Your answer should hold exactly the lines below from the line with "1盎司圆形银质纪念币背面图案" through the line with "詩詞 [答玉園夫子秋日見懷之作]", both included, and no pictures at all.

>>>

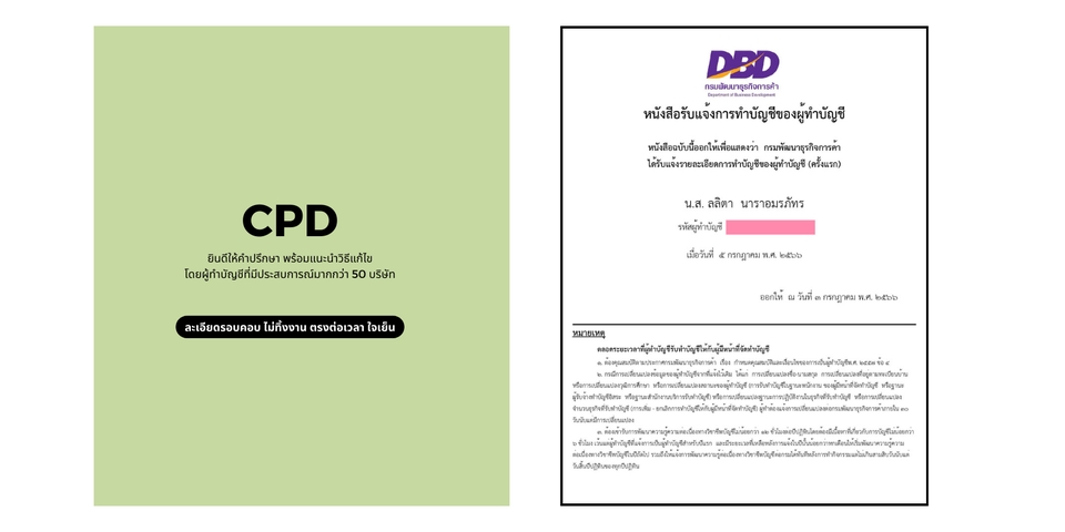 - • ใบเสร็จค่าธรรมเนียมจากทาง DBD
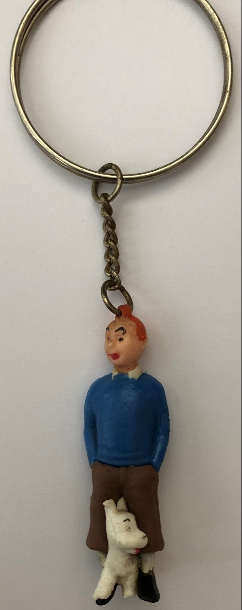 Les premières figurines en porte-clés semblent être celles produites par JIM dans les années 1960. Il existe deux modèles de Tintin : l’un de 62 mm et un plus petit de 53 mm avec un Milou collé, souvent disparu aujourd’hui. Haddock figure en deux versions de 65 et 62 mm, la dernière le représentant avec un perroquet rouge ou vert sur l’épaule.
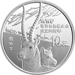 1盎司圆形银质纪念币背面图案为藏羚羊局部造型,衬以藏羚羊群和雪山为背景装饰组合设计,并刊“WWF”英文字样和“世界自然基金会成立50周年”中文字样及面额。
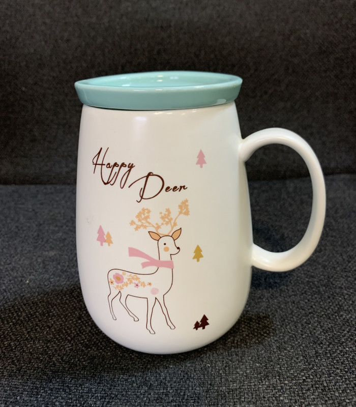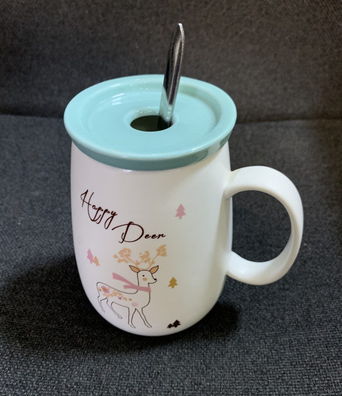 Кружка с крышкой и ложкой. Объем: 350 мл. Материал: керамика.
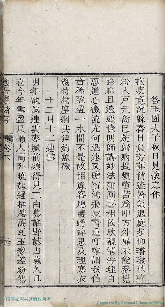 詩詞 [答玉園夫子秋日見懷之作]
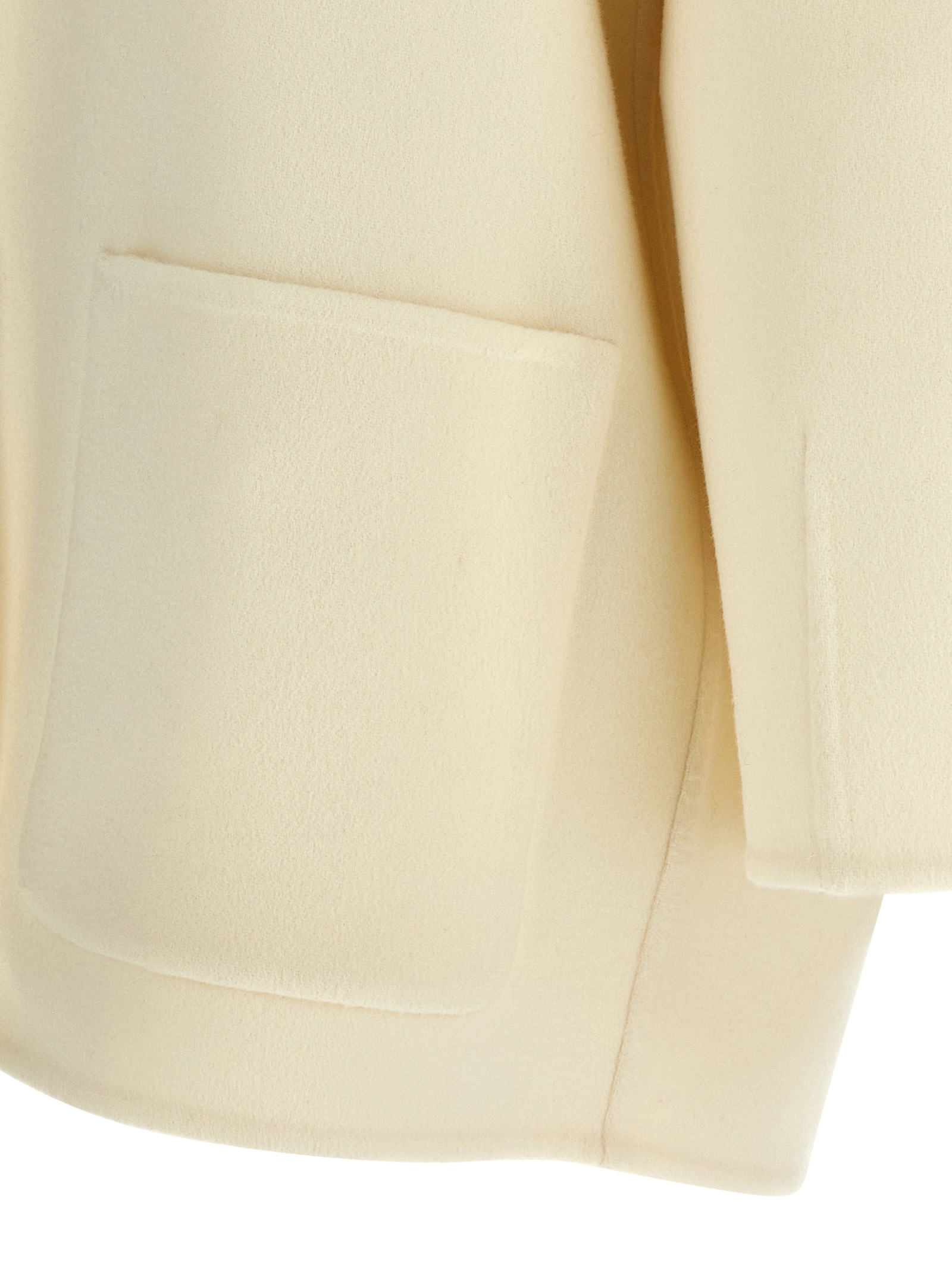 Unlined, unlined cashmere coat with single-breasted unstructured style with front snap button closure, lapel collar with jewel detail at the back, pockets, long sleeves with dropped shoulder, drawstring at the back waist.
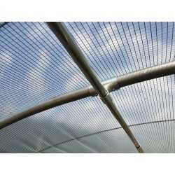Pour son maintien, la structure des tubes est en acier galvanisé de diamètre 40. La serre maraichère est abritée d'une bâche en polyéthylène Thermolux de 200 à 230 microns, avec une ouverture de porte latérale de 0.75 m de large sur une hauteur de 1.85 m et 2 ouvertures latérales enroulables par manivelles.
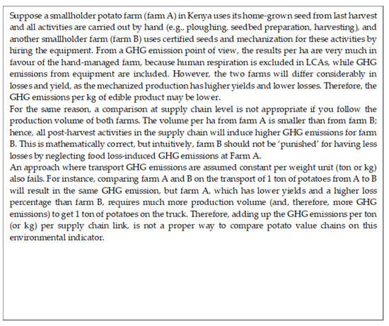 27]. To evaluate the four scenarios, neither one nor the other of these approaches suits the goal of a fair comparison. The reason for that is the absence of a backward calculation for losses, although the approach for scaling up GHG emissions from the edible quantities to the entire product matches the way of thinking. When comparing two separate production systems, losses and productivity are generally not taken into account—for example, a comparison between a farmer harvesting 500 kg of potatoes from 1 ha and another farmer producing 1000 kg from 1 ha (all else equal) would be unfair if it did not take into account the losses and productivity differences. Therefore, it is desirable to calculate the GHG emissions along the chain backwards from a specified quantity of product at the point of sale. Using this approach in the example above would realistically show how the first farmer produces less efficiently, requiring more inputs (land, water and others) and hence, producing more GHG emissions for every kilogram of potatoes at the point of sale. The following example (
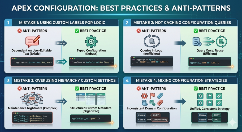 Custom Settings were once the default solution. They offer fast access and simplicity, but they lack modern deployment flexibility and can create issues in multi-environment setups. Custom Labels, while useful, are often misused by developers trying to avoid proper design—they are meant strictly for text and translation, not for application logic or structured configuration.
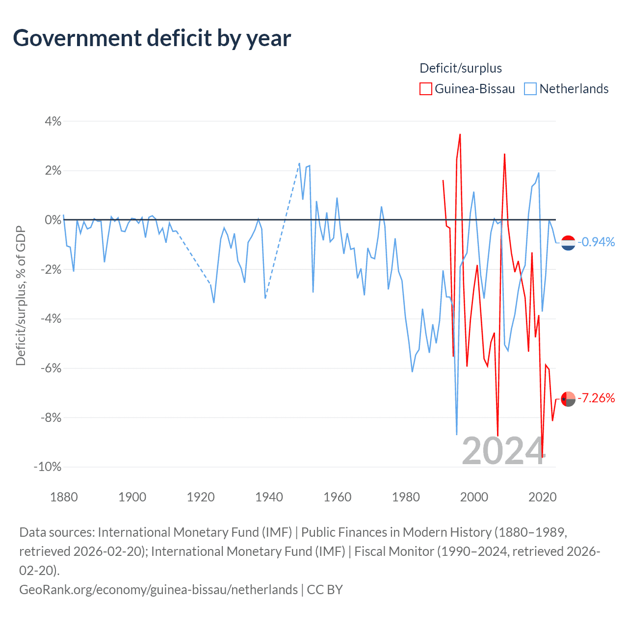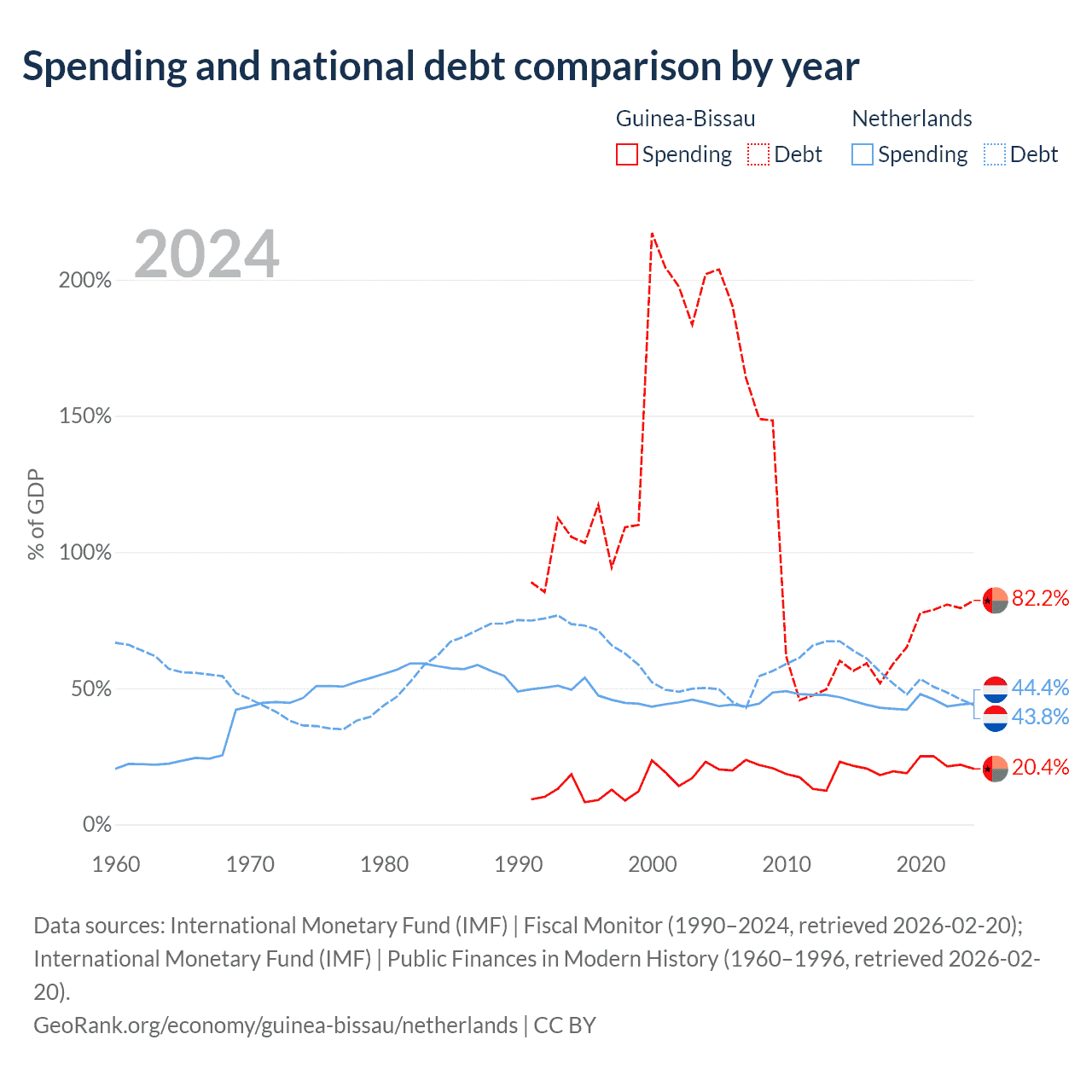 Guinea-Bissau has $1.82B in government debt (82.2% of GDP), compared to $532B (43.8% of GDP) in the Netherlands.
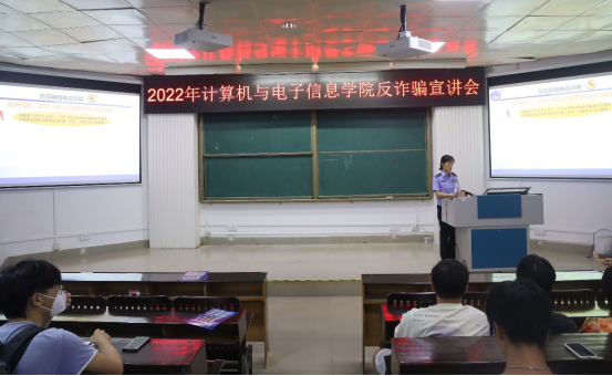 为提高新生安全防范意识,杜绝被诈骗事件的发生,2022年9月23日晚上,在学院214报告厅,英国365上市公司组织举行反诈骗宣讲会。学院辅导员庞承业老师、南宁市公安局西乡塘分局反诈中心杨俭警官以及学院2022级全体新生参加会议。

<<<

### Answer to this task
 1盎司圆形银质纪念币背面图案为藏羚羊局部造型,衬以藏羚羊群和雪山为背景装饰组合设计,并刊“WWF”英文字样和“世界自然基金会成立50周年”中文字样及面额。
 Кружка с крышкой и ложкой. Объем: 350 мл. Материал: керамика.
 詩詞 [答玉園夫子秋日見懷之作]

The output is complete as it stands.